__DATASET SECTION__:
•••

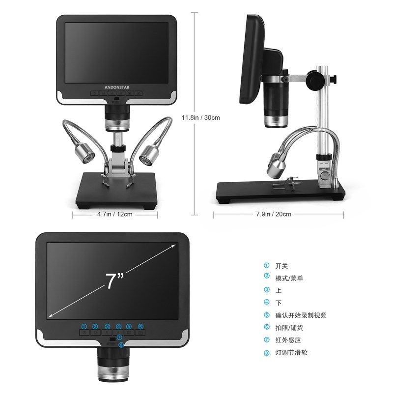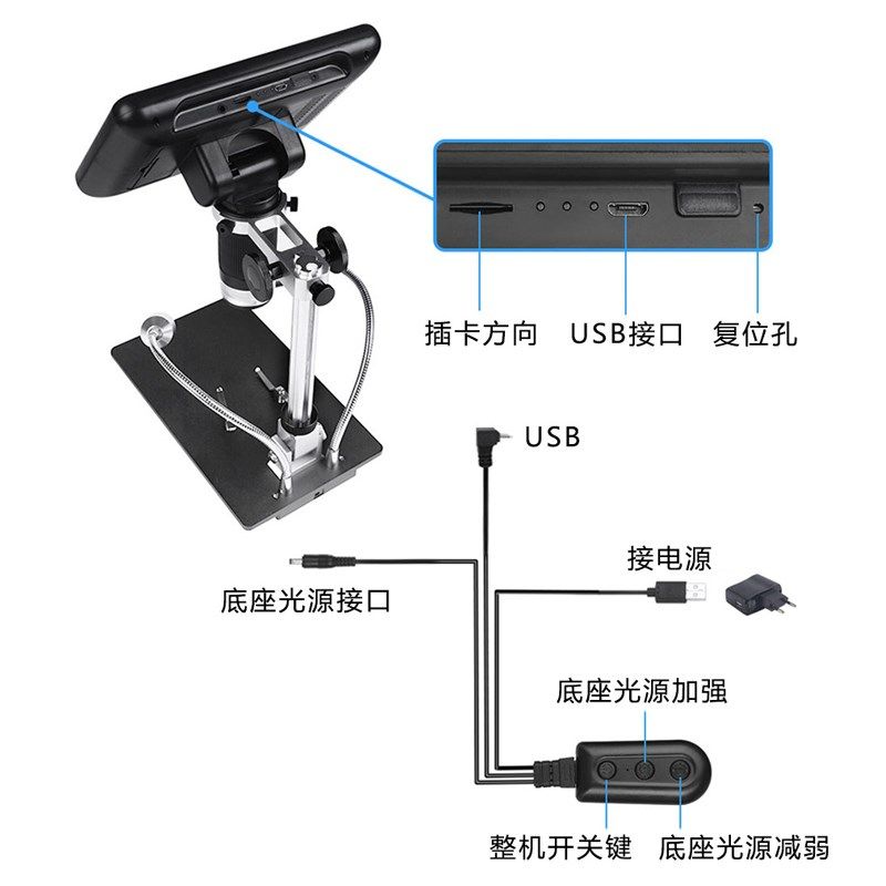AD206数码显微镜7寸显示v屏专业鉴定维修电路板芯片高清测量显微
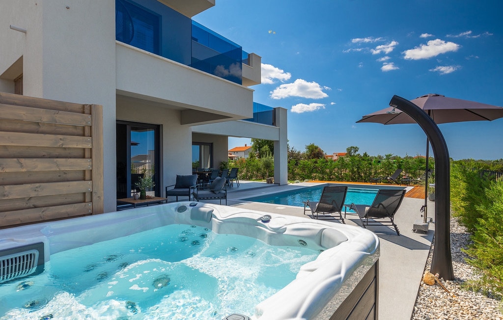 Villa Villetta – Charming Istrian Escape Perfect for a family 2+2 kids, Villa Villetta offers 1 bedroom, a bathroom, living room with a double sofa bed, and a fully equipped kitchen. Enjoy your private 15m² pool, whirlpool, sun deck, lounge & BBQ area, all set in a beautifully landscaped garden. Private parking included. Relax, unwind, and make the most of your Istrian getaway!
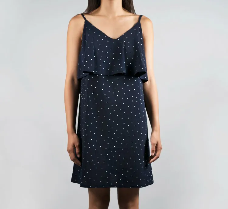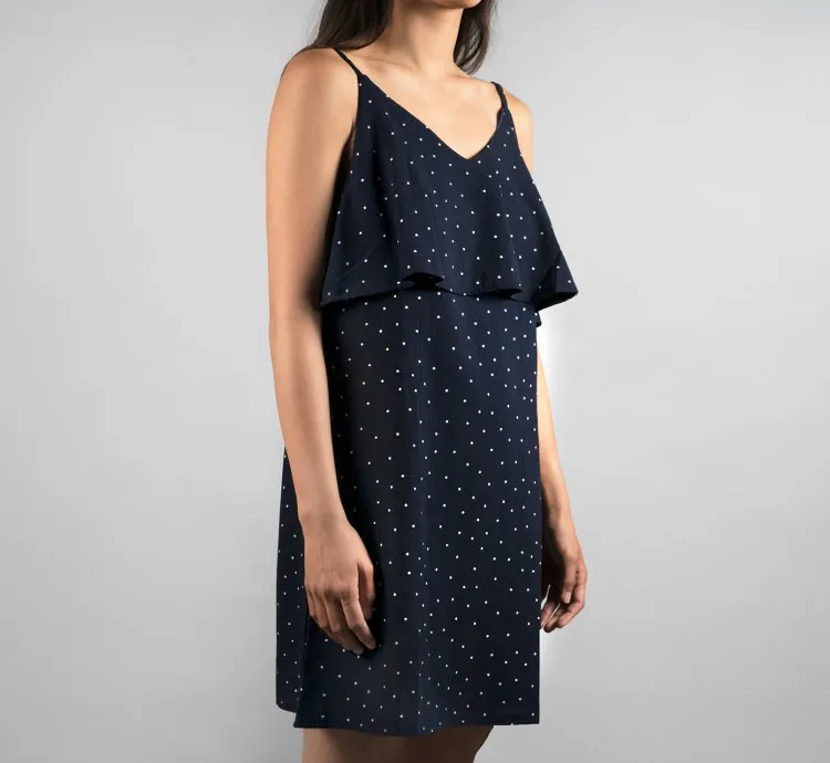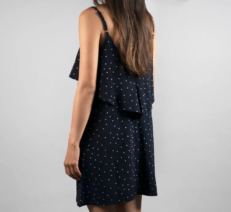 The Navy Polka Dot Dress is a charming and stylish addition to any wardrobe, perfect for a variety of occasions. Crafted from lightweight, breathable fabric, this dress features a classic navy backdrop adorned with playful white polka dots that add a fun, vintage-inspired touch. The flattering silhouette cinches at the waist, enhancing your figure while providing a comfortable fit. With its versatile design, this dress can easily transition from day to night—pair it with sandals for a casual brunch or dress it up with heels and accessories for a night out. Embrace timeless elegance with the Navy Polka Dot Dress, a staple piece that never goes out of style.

•••

__WORK TO COMPLETE__: Repeat the data exactly in full, omitting its pictures.

__TASK OUTPUT__:
AD206数码显微镜7寸显示v屏专业鉴定维修电路板芯片高清测量显微
 Villa Villetta – Charming Istrian Escape Perfect for a family 2+2 kids, Villa Villetta offers 1 bedroom, a bathroom, living room with a double sofa bed, and a fully equipped kitchen. Enjoy your private 15m² pool, whirlpool, sun deck, lounge & BBQ area, all set in a beautifully landscaped garden. Private parking included. Relax, unwind, and make the most of your Istrian getaway!
 The Navy Polka Dot Dress is a charming and stylish addition to any wardrobe, perfect for a variety of occasions. Crafted from lightweight, breathable fabric, this dress features a classic navy backdrop adorned with playful white polka dots that add a fun, vintage-inspired touch. The flattering silhouette cinches at the waist, enhancing your figure while providing a comfortable fit. With its versatile design, this dress can easily transition from day to night—pair it with sandals for a casual brunch or dress it up with heels and accessories for a night out. Embrace timeless elegance with the Navy Polka Dot Dress, a staple piece that never goes out of style.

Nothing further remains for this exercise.